**Provided material:**
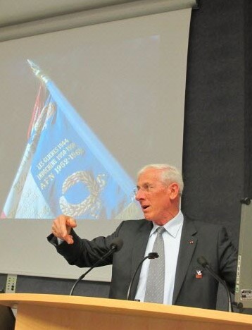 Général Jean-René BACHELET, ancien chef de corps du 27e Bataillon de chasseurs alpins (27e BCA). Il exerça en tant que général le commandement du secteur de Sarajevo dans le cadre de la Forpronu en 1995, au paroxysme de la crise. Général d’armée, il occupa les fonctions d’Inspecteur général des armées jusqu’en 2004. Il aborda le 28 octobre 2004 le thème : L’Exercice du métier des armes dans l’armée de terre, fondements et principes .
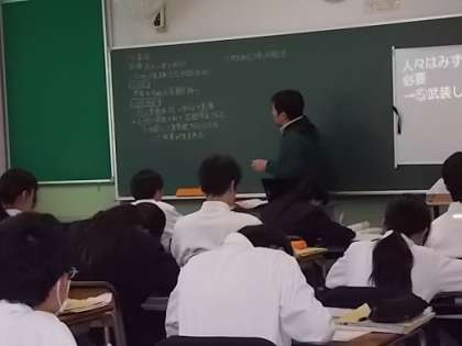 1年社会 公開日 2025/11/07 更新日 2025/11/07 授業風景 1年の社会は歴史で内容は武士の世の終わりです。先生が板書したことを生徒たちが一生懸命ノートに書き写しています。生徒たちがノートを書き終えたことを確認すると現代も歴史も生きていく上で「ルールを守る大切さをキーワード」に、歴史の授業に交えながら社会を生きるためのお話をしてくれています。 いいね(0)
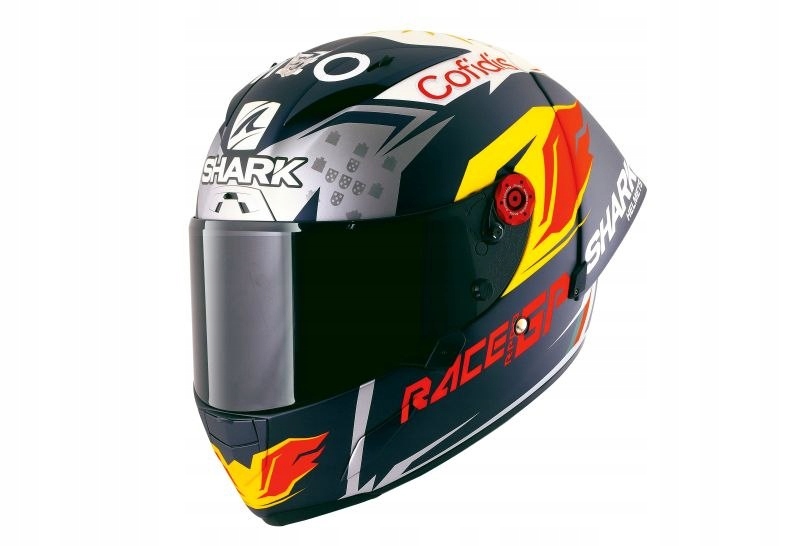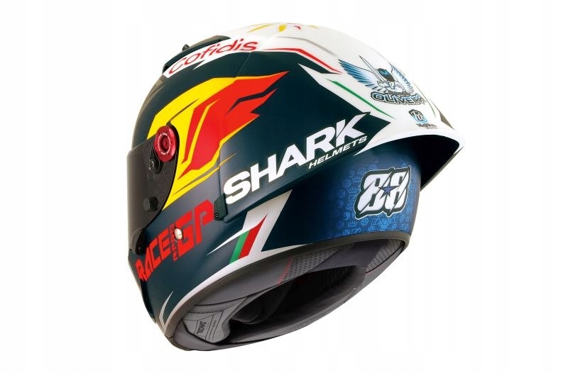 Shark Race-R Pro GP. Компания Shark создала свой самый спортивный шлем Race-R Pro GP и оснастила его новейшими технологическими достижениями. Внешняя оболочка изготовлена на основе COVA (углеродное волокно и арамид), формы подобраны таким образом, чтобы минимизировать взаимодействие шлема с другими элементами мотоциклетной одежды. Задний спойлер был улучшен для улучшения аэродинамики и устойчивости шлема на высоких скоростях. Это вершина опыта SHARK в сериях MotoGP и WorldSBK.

**Task:** Could you print the listing above word for word, without its pictures?

**Result of this task:**
 Général Jean-René BACHELET, ancien chef de corps du 27e Bataillon de chasseurs alpins (27e BCA). Il exerça en tant que général le commandement du secteur de Sarajevo dans le cadre de la Forpronu en 1995, au paroxysme de la crise. Général d’armée, il occupa les fonctions d’Inspecteur général des armées jusqu’en 2004. Il aborda le 28 octobre 2004 le thème : L’Exercice du métier des armes dans l’armée de terre, fondements et principes .
 1年社会 公開日 2025/11/07 更新日 2025/11/07 授業風景 1年の社会は歴史で内容は武士の世の終わりです。先生が板書したことを生徒たちが一生懸命ノートに書き写しています。生徒たちがノートを書き終えたことを確認すると現代も歴史も生きていく上で「ルールを守る大切さをキーワード」に、歴史の授業に交えながら社会を生きるためのお話をしてくれています。 いいね(0)
 Shark Race-R Pro GP. Компания Shark создала свой самый спортивный шлем Race-R Pro GP и оснастила его новейшими технологическими достижениями. Внешняя оболочка изготовлена на основе COVA (углеродное волокно и арамид), формы подобраны таким образом, чтобы минимизировать взаимодействие шлема с другими элементами мотоциклетной одежды. Задний спойлер был улучшен для улучшения аэродинамики и устойчивости шлема на высоких скоростях. Это вершина опыта SHARK в сериях MotoGP и WorldSBK.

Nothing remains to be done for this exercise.